Portanto, DECLARO saneado o feito.
3. A controvérsia consiste em apurar: (i) se houve falha na prestação dos serviços de pagamento pelas instituições rés, notadamente quanto à observância dos deveres de monitoramento e bloqueio cautelar de transações atípicas previstos nos arts. 38-A, 39 e 39-B da Resolução BCB n. 1/2020; (ii) a efetiva participação de cada ré em cada uma das transações; (iii) se configurada a excludente de responsabilidade por culpa exclusiva da vítima e/ou de terceiro (CDC, art. 14, § 3º, II); (iv) a existência e extensão de eventuais danos ao autor.
4. Quanto ao ônus da prova, observar-se-á a inversão já reconhecida no tópico anterior, incumbindo às rés a demonstração de que adotaram as medidas de monitoramento, verificação e bloqueio cautelar exigidas pela regulamentação do Banco Central, e ao autor a comprovação da existência e extensão dos danos alegados.
5. DEFIRO o pedido de exibição de documentos e expedição de ofício formulado pela parte autora (ev. 119, item 12).
Intimem-se as rés para, no prazo de 15 (quinze) dias, apresentem os registros de monitoramento, as regras antifraude aplicáveis e o histórico de alertas e comunicações DICT/MED relativos às contas por cada uma delas tituladas ou operadas e identificadas na petição do ev. 119 (conta nº 8994684, do Banco Genial; contas nº 64904, 635391 e 1136542, do Banco do Brasil; e conta nº 1332726984, da Fitbank).
Expeça-se ofício ao Banco Central para que, no prazo de 15 (quinze) dias, forneça e informe:
a) o histórico das chaves PIX destinatárias das transferências realizadas pelo autor, desde a criação de cada chave até 08/10/2025, por meio do Diretório de Identificadores de Contas Transacionais (DICT), incluindo datas de criação, histórico de movimentação e eventual existência de notificações ou registros de fraude;
b) o histórico de movimentação das chaves no SPI, desde a criação de cada chave até 08/10/2025, permitindo identificar entradas de terceiros e o padrão de escoamento imediatamente anterior e concomitante às transferências do autor;
c) as informações referentes à abertura e movimentação das contas bancárias utilizadas para recebimento dos valores, desde a criação de cada chave até 08/10/2025, inclusive quanto à existência de denúncias ou comunicações de fraude.
Com o retorno do ofício, intimem-se as partes para manifestação, no prazo de 15 (quinze) dias.
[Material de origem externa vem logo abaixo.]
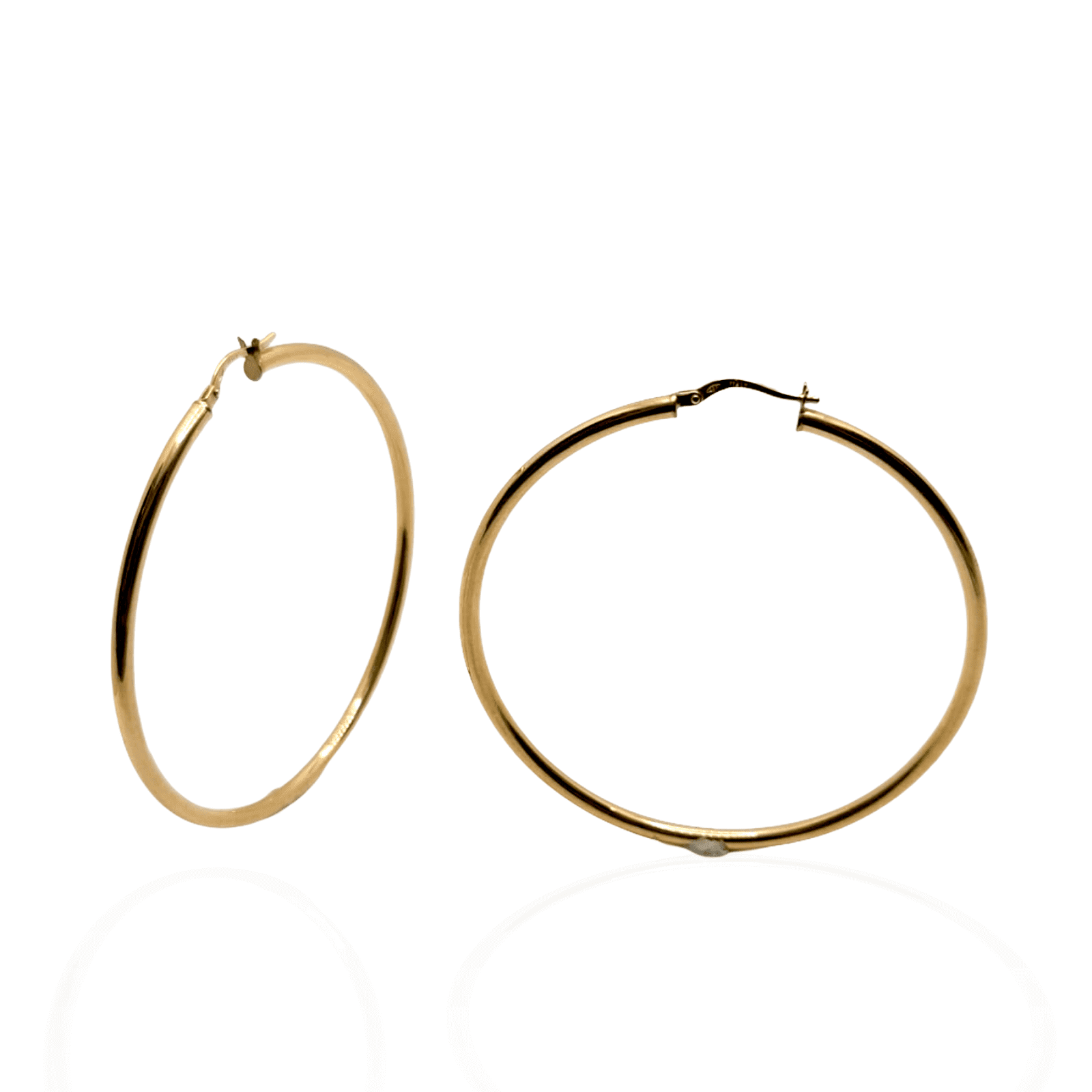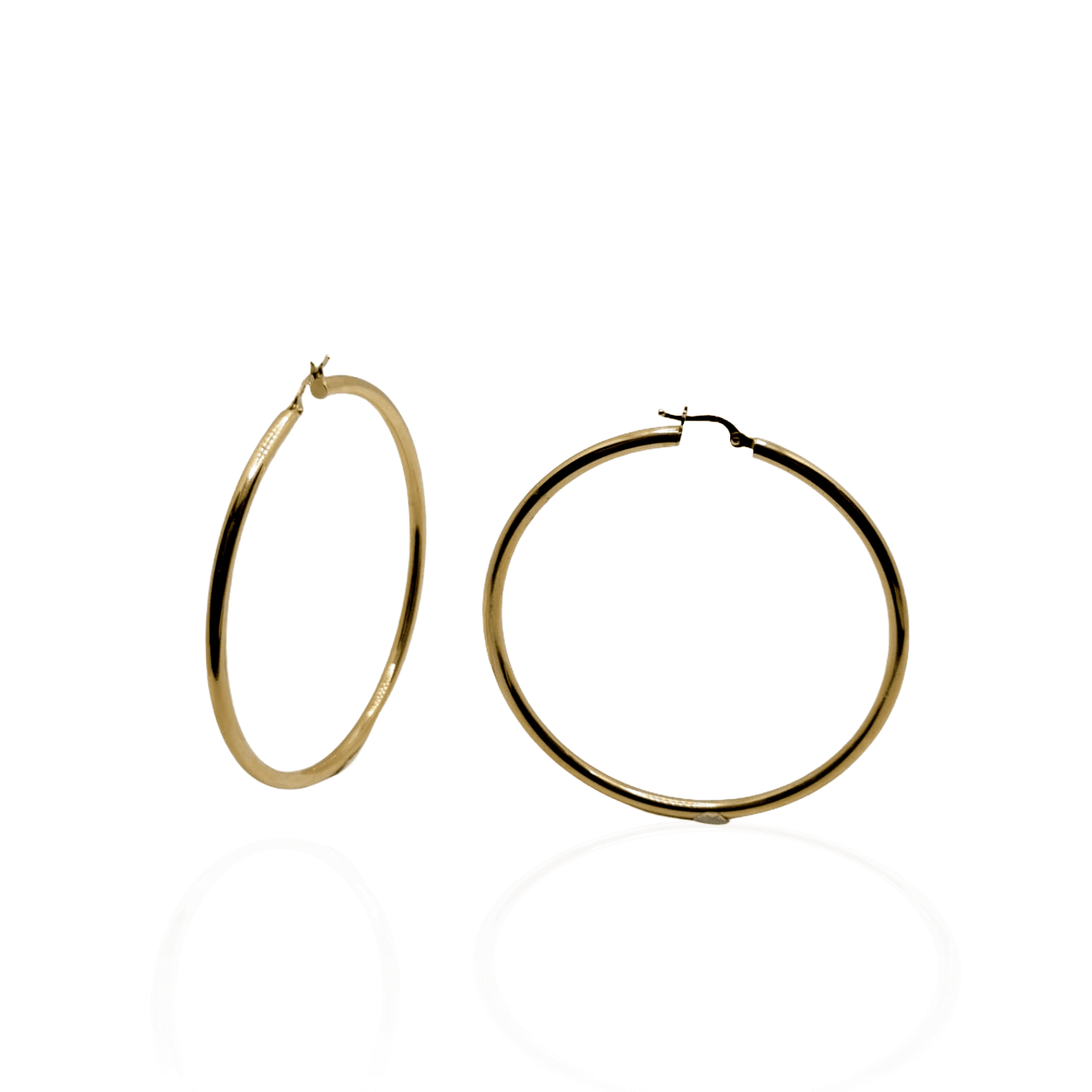 עגילי חישוק גדולים | חלקים מבריקים | זהב צהוב 14 קראט | דגם שגית
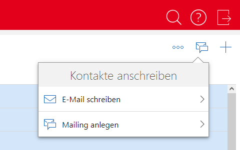Klicken Sie auf die Schaltfläche Kontakte anschreiben, um das Menü zu öffnen.

Nesse mesmo prazo, deverão as rés se manifestar também acerca do retorno do ofício de ev. 93 e a manifestação autoral (ev. 119).
6. INDEFIRO a produção de prova oral, consistente no depoimento pessoal do autor, requerida pelo Banco do Brasil e pela Sicoob Oestecredi, pertinente à elucidação dos fatos relativos à excludente de responsabilidade por culpa exclusiva da vítima (CDC, art. 14, § 3º, II). Isso porque não é ponto controvertido que o requerente foi vítima de engenharia social. O seu depoimento em nada acrescentaria aos fatos.
7. Após o cumprimento das determinações, abra-se o prazo sucessivo às partes para alegações finais.
Intimações e diligências necessárias.